Per quanto infatti il caso da affrontare possa essere difficile o emotivamente pesante da sostenere, non si può perdere di vista la situazione relazionale di fronte alla quale si trova l’operatore e all’interno della quale bisogna ricostruire la capacità del soggetto di esserne attore principale.

Una prestazione di tipo formale e burocratizzato rischia inoltre di deformare il rapporto del professionista con l’utente dove quest’ultimo non si sentirà adeguatamente compreso e non riuscirà a sfruttare le dotazioni di cui dispone per risolvere il proprio problema.

Nello specifico ambito della detenzione la situazione si aggrava ulteriormente se si considera che l’utente non è un semplice soggetto bisognoso, ma un individuo già etichettato e stigmatizzato che, nel percorso di reinserimento sociale da intraprendere, deve essere riaccettato in seno alla collettività, la quale riserva spesso molti dubbi circa la sua possibilità di redenzione.

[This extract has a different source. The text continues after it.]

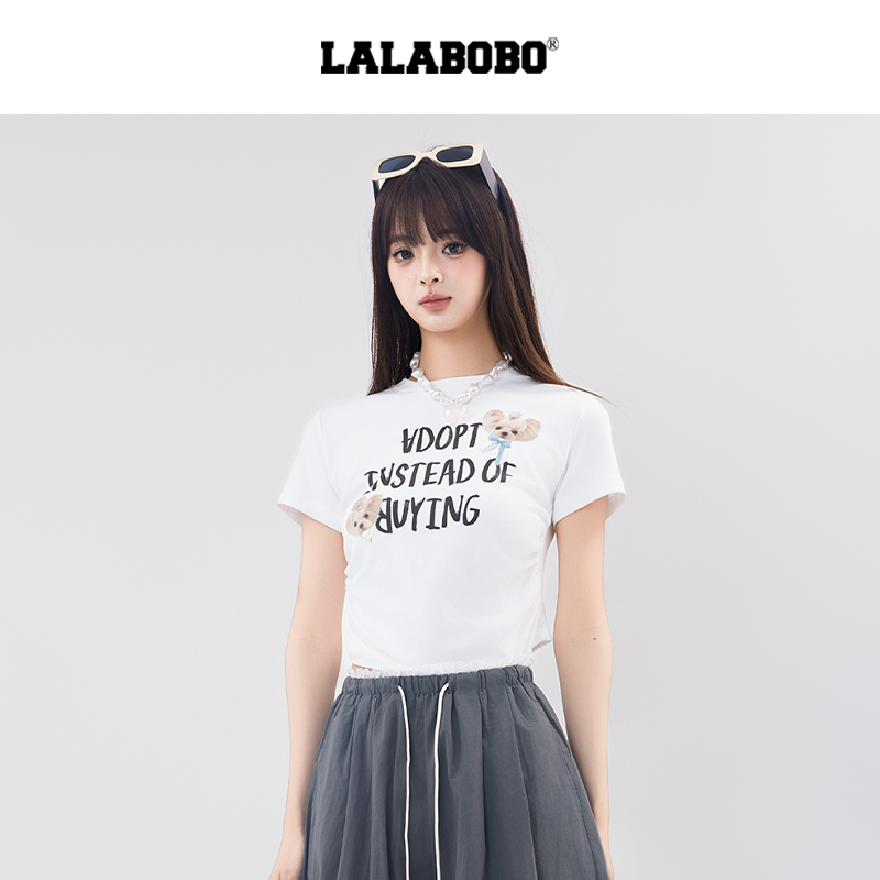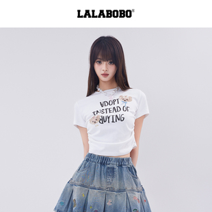 女原创短袖 LALABOBO25年T恤夏新款 字母印花上衣 卓依娜姆同款

Per questo stesso motivo il lavoro che l’assistente sociale è chiamato a svolgere è ancor più difficile, poiché lavorando a stretto contatto con “materiale umano” altamente fragile, il compito da assolvere richiede molta delicatezza e competenza.

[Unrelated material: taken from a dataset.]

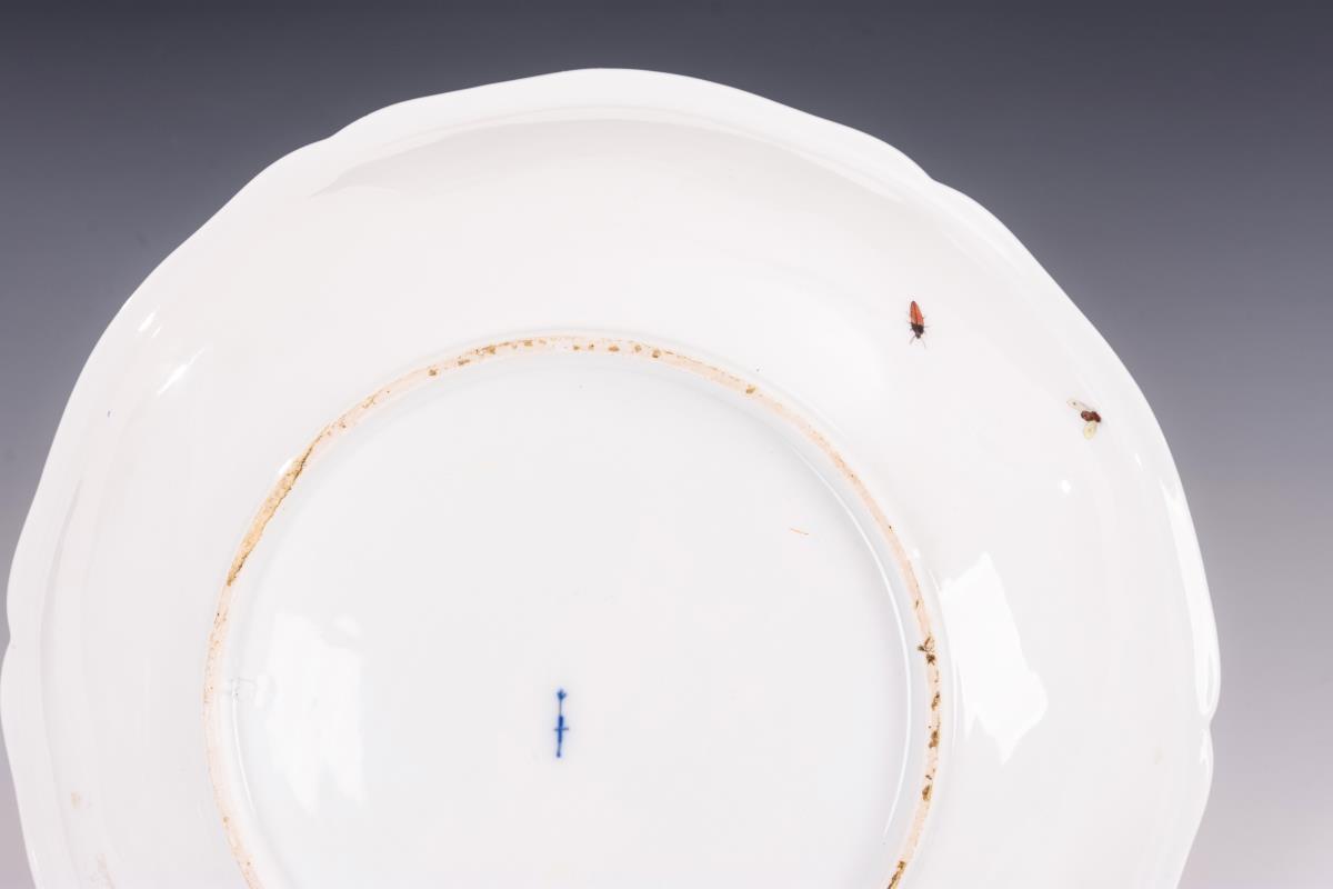 Sechspassschale, im Spiegel ein Vogel auf einem Früchtezweig. Gold etwas berieben, restauriert.

Altra peculiarità tutta italiana è legata al fatto che l’organico degli Uffici di Esecuzione Penale Esterna è costituito unicamente da assistenti sociali: questo aspetto denota una condizione di arretratezza rispetto agli altri Paesi europei i quali hanno intrapreso già da tempo la strada della multiprofessionalità.

La possibilità di confrontarsi e di lavorare in rete con altre professioni infatti consente, in un’ottica sistemica, un approccio di lavoro molto più ampio e completo permettendo a ciascuna professionalità di agire in base alle proprie competenze e in maniera più completa al fine di dare risposta alle diverse esigenze dell’utente in carico.